What makes morality a crime,[2]
The most notorious of the time; 1290
Morality, which both the saints
And wicked too cry out against?—
'Cause grace and virtue are within
Prohibited degrees of kin;
And therefore no true saint allows 1295
They should be suffer'd to espouse:
For saints can need no conscience,
That with morality dispense;
As virtue's impious, when 'tis rooted
In nature only, 'nd not imputed: 1300
But why the wicked should do so,
We neither know, nor care to do.
What's liberty of conscience,
I th' natural and genuine sense?
'Tis to restore, with more security, 1305
Rebellion to its ancient purity;
And Christian liberty reduce
To th' elder practice of the Jews;
For a large conscience is all one,
And signifies the same, with none.[3] 1310
It is enough, quoth he, for once,
And has repriev'd thy forfeit bones:

  1. That is, a bishop who wears lawn sleeves.

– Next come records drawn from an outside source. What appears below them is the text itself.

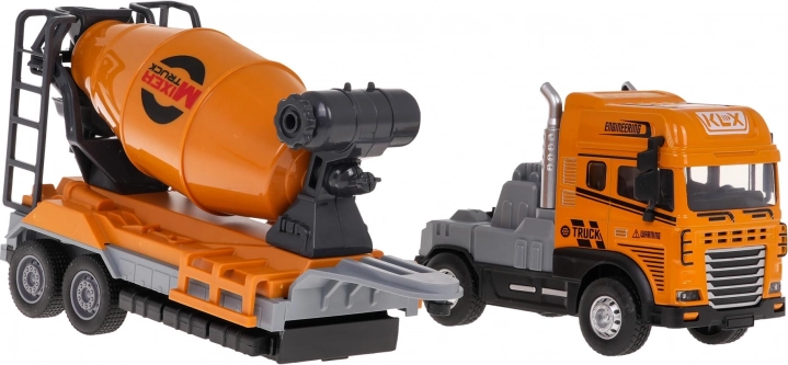 Zaženite gradbišče na polno z robustnim mešalcem v merilu 1:24. Zaradi kovinske kabine in kakovostnega plastičnega podvozja je igrača vzdržljiva in pripravljena na vsakodnevne pustolovščine. Gumijasti tekalni sloj koles zagotavlja odličen oprijem, zadnji pogon prinaša gladko vožnjo, odstranljiv priklopnik pa razširja možnosti igre.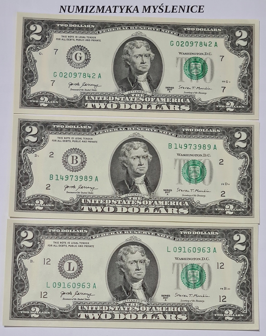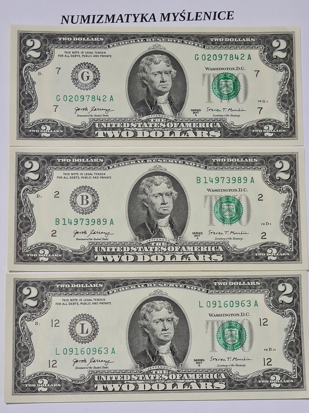 2 ДОЛАРИ - НАБІР З ТРЬОХ МОНЕТНИХ ЦЕНТРІВ - B, G, L 2017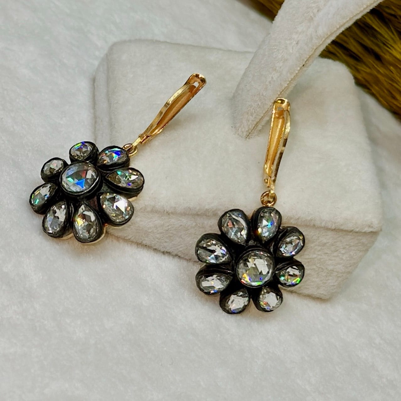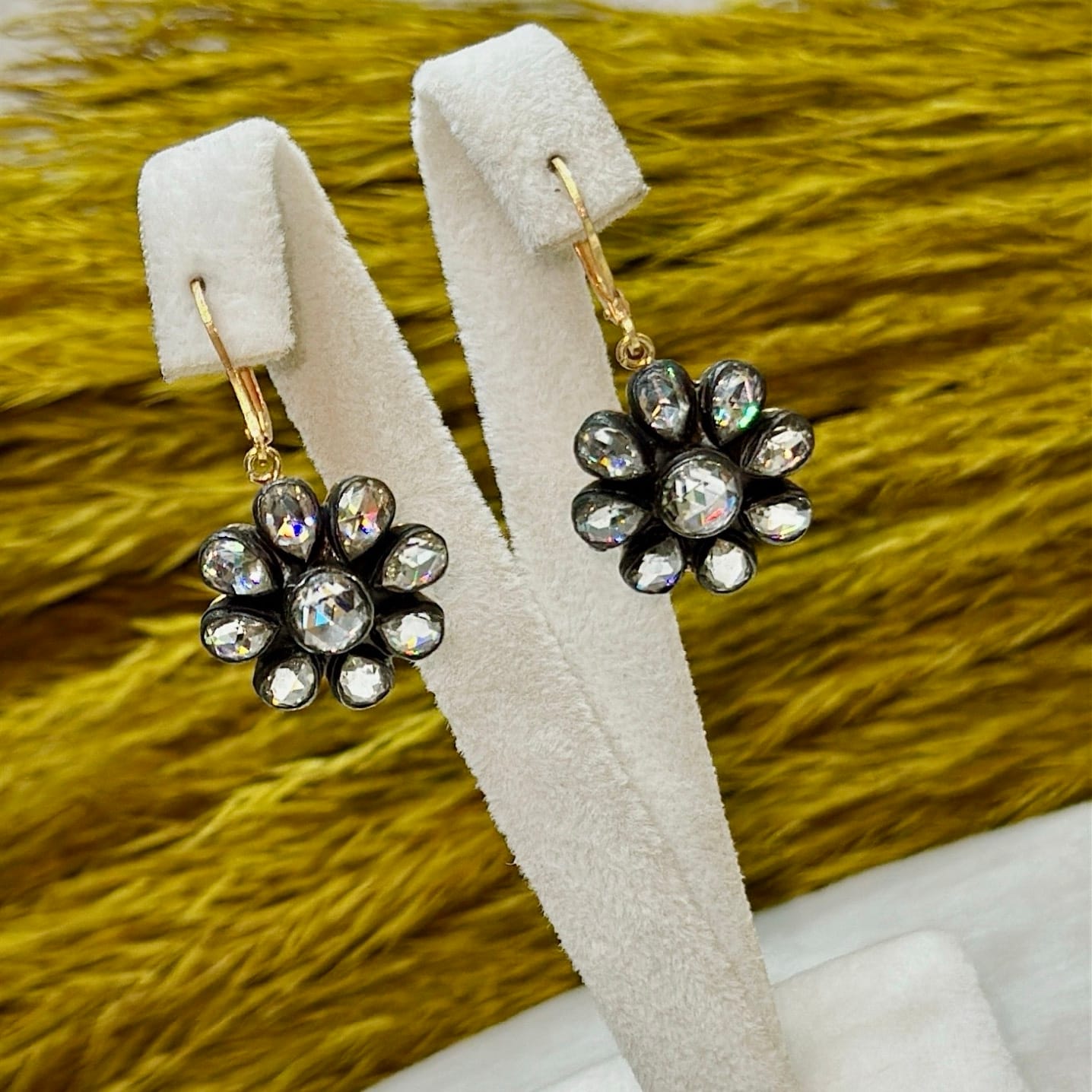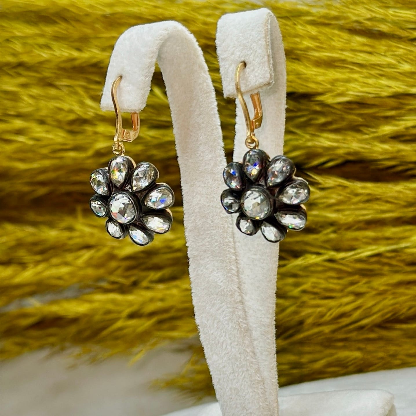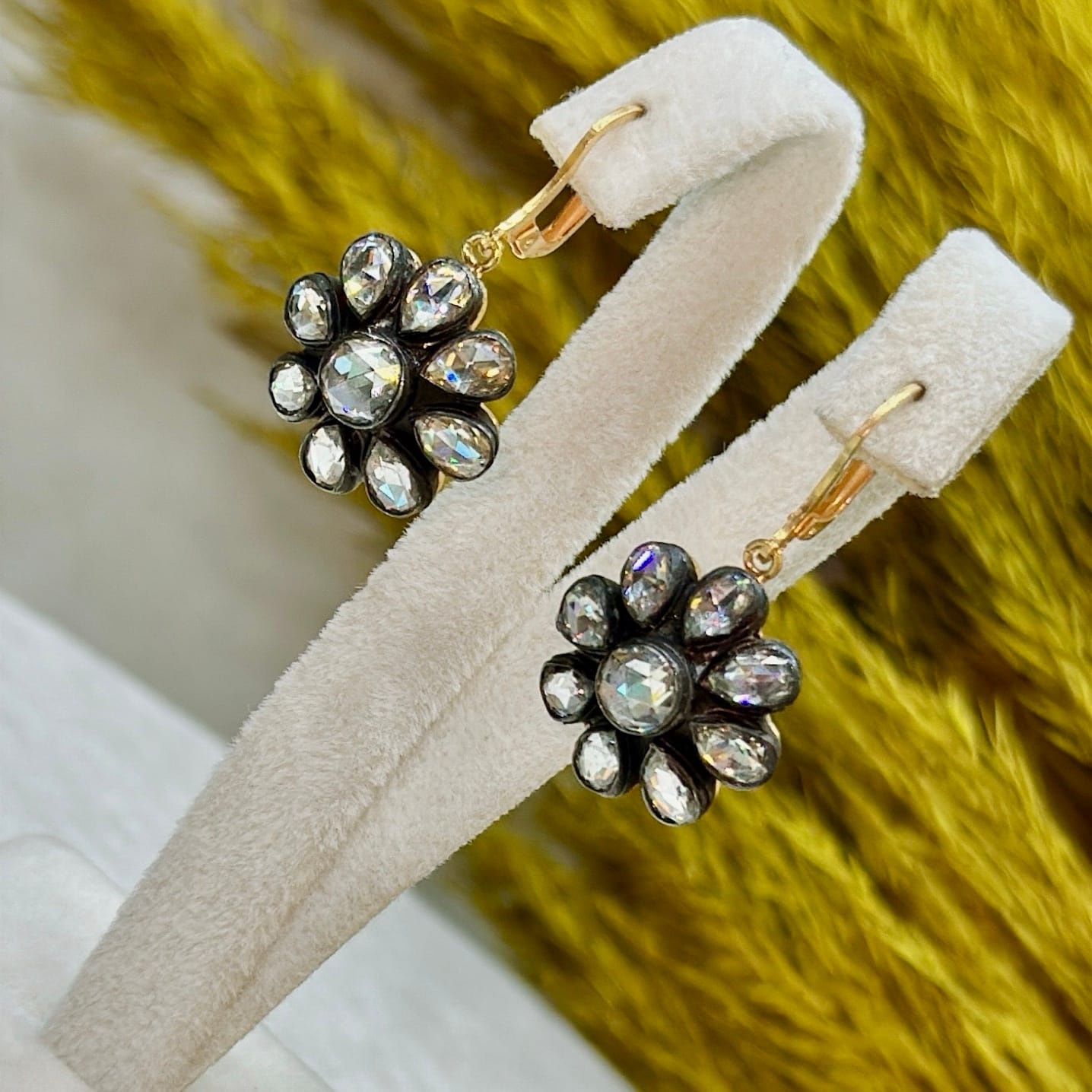 Elmas Montür Yuvarlak Çiçek Model Küpe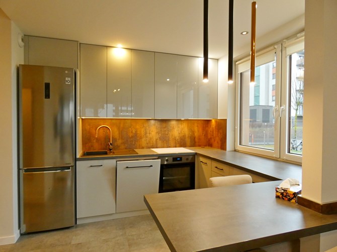 Aneks kuchenny: szafki wiszące i stojące w zabudowie, blat z wysokimi krzesłami, lodówko-zamrażarka, zmywarka, piekarnik, płyta indukcyjna, okap, zlew.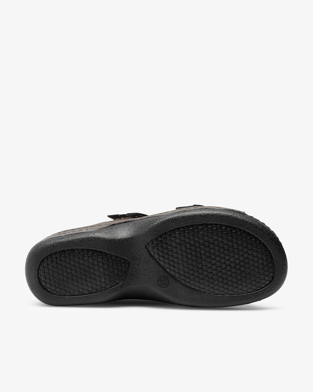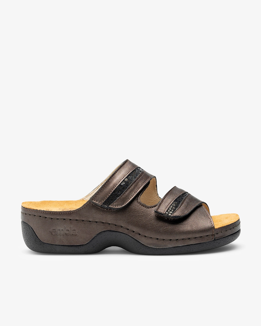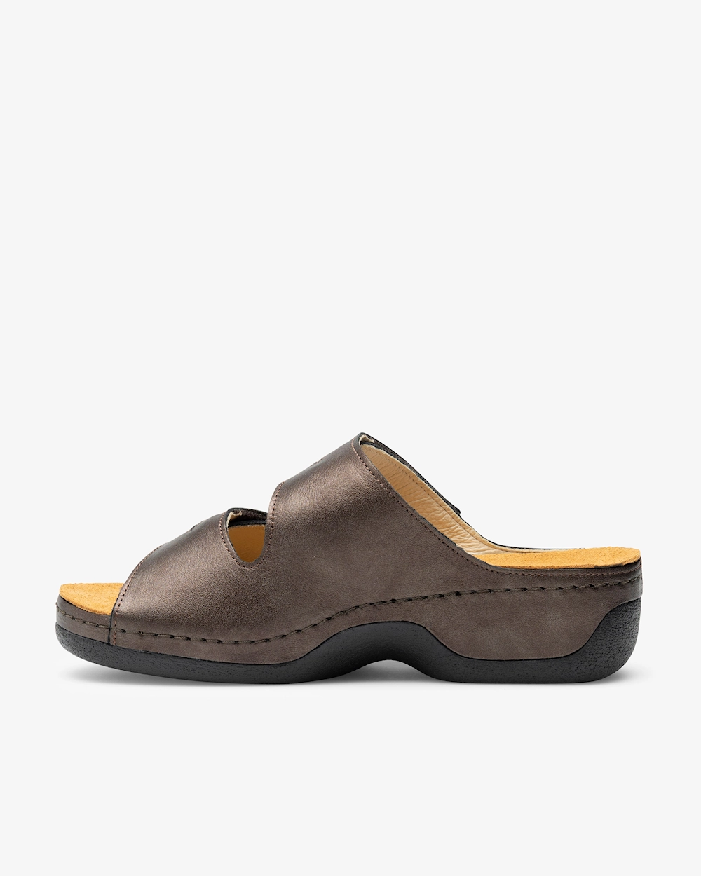 Damesandal i mykt skinn med utskiftbar, ergonomisk fotseng som gir støtte til fotbuen og løfter forfotbuen. Denne sandalen har justerbare remmer med borrelås og er skinnfôret. Yttersåle i gummiblanding som gir godt grep på underlaget, noe som gjør sandalen egnet for både innendørs og utendørs bruk.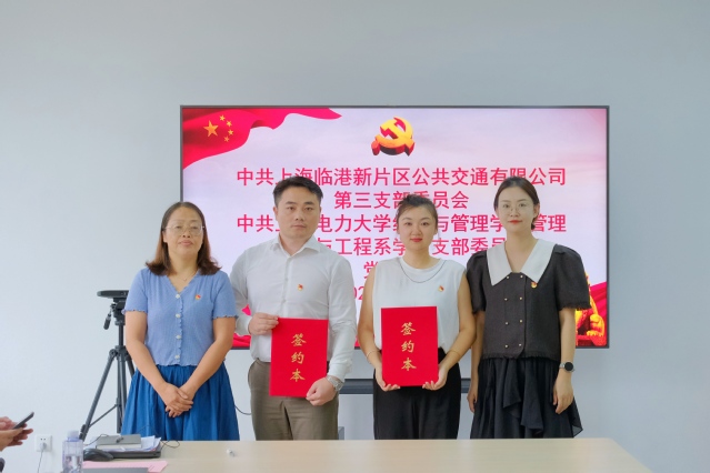为进一步落实新时代党建工作的新要求,促进党建与业务发展深度融合,创新党建联学共建新形式,9月25日,经济与管理学院管理科学与工程系学生党支部与上海临港新片区公共交通有限公司第三党支部在临港集卡中心党群服务站开展了党建联建交流会,会上双方党支部签订党建共建协议书。上海临港新片区公共交通有限公司第三党支部书记梁鸽峰、工会主席支部宣传委员曹依梅、经济与管理学院专职组织员周颖、党支部书记王卲萱以及双方支部党员参加了交流会。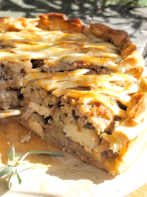 - Décorer les bords de la tarte avec le reste de la pâte et percer le milieu à plusieurs endroits avec un couteau pour que la vapeur chaude sorte.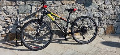 Vendo Mtb da bambino / ragazzo Cube Reaction SL misura 24 pollici. Adatta per ragazzi 7-12 anni, altezza cavallo 55-73cm. In ottime condizioni, presenta normali segni d'uso, meccanicamente è perfetta. Montata monocorona SLX 1x11. In origine nasce come bici da gara, leggerissima e con forcella rigida. Ora monta una forcella RST First Air 24 60 lockout, aria e olio, che funziona perfettamente. In dotazione anche forcella originale visibile in foto. N.B. La bici nuova costava 800 euro, la forcella Rst 300 euro, verificate online, prezzo trattabile ma niente offerte assurde grazie, la bici è perfetta. Solo ritiro a Sondrio. Mtb Cube 24 bambino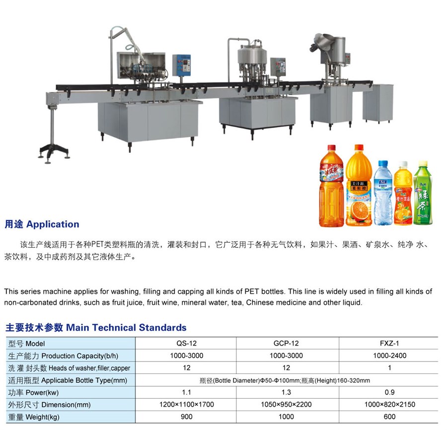玻璃瓶飲料沖洗、灌裝、壓蓋三合...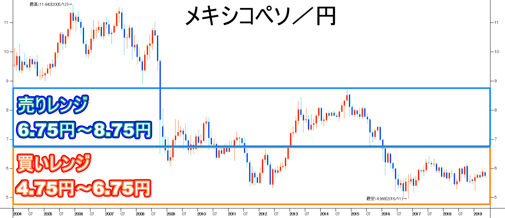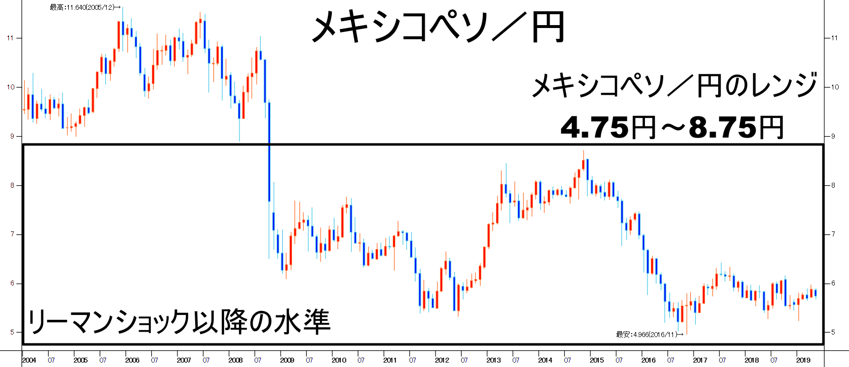 ▼メキシコペソ/円チャート(2005年~)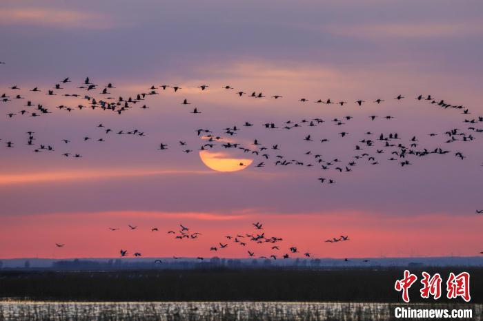 内蒙古“百鸟天堂”迎候鸟迁徙高峰 白鹤数量大幅提升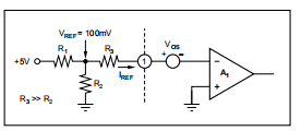 分压器可用于降低电阻,如图4所示。当使用这种方法时必须考虑放大器可能引起的误差输入偏移电压。放大器的输入电压偏移最大值为1.5mV,建议使用VREF a值为100mV。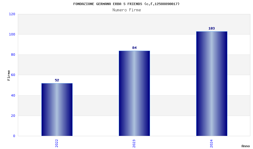 | Anno | Firme | Importi | Media | Naz. | Reg. | Prov. | Comu. |

  2. Moral goodness was deemed a mean attainment, and much beneath the character of saints, who held grace and inspiration to be all meritorious, and virtue to have no merit; nay, some even thought virtue impious, when it is rooted only in nature, and not imputed; some of the modern sects are supposed to hold tenets not very unlike this. Nash.
  3. It is reported of Judge Jefferys, that taking a dislike to a witness who had a long beard, he told him that "if his conscience was as long as his beard, he had a swinging one:" to which the countryman replied, "My Lord, if you measure consciences by beards, you have none at all."